(Via Werner Vogels).Scott Berkun raises the questions - We all know someone that’s intelligent, but who occasionally defends obviously bad ideas. Why does this happen? How can smart people take up positions that defy any reasonable logic? And tries to answer these. The problem with smart people is that they like to be right and sometimes will defend ideas to the death rather than admit they’re wrong. This is bad. Worse, if they got away with it when they were young (say, because they were smarter than their parents, their friends, and their parent’s friends) they’ve probably built an ego around being right, and will therefore defend their perfect record of invented righteousness to the death. Smart people often fall into the trap of preferring to be right even if it’s based in delusion, or results in them, or their loved ones, becoming miserable. Until they come face to face with someone who is tenacious enough to dissect their logic, and resilient enough to endure the thinly veiled intellectual abuse they dish out during debate (e.g. “You don’t really think that do you?” or “Well if you knew the rule/law/corollary you wouldn’t say such things”), they’re never forced to question their ability to defend bad ideas. Opportunities for this are rare: a new boss, a new co-worker, a new spouse.
That said, the more homogeneous a group of people are in their thinking, the narrower the range of ideas that the group will openly consider. The more open minded, creative, and courageous, a group is, the wider the pool of ideas they’ll be capable of exploring. Some teams of people look to focus groups, consultancies, and research methods to bring in outside ideas, but this rarely improves the quality of thinking in the group itself. Those outside ideas, however bold or original, are at the mercy of the diversity of thought within the group itself. If the group, as a collective, is only capable of approving B level work, it doesn’t matter how many A level ideas you bring to it. Focus groups or other outside sources of information can not give a team, or its leaders, a soul. A bland homogeneous team of people has no real opinions, because it consists of people with same backgrounds, outlooks, and experiences who will only feel comfortable discussing the safe ideas that fit into those constraints. If you want your smart people to be as smart as possible, seek a diversity of ideas. Find people with different experiences, opinions, backgrounds, weights, heights, races, facial hair styles, colors, past-times, favorite items of clothing, philosophies, and beliefs. Unify them around the results you want, not the means or approaches they are expected to use. It’s the only way to guarantee that the best ideas from your smartest people will be received openly by the people around them. On your own, avoid homogenous books, films, music, food, sex, media and people. Until recently in human history, life was much less predictable and we were forced to encounter things not always of our own choosing. We are capable of more interesting and creative lives than our modern cultures often provide for us.
- Smart people can follow stupid leaders (seeking praise or promotion)

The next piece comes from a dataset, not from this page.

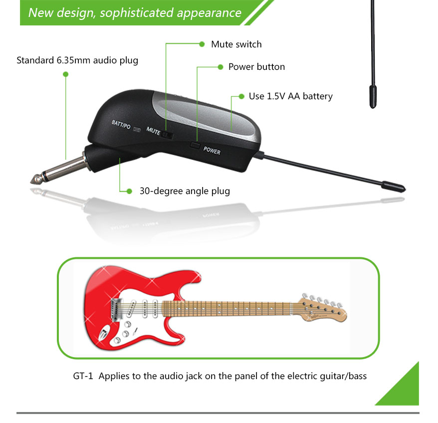 Step on stage without limits with the wireless guitar system, designed for guitarists and bassists who demand crystal-clear tone and total freedom of movement. Whether you're performing live, rehearsing, or recording, this compact and easy-to-use system ensures your sound stays pure and powerful—without the hassle of cables.

- Smart people may follow their anger into stupid places
- They may be trained or educated into stupidity
- Smart people can inherit bad ideas from their parents under the guise of tradition
The reason for this is simple. Smart people, or at least those whose brains have good first gears, use their speed in thought to overpower others. They’ll jump between assumptions quickly, throwing out jargon, bits of logic, or rules of thumb at a rate of fire fast enough to cause most people to become rattled, and give in. When that doesn’t work, the arrogant or the pompous will throw in some belittlement and use whatever snide or manipulative tactics they have at their disposal to further.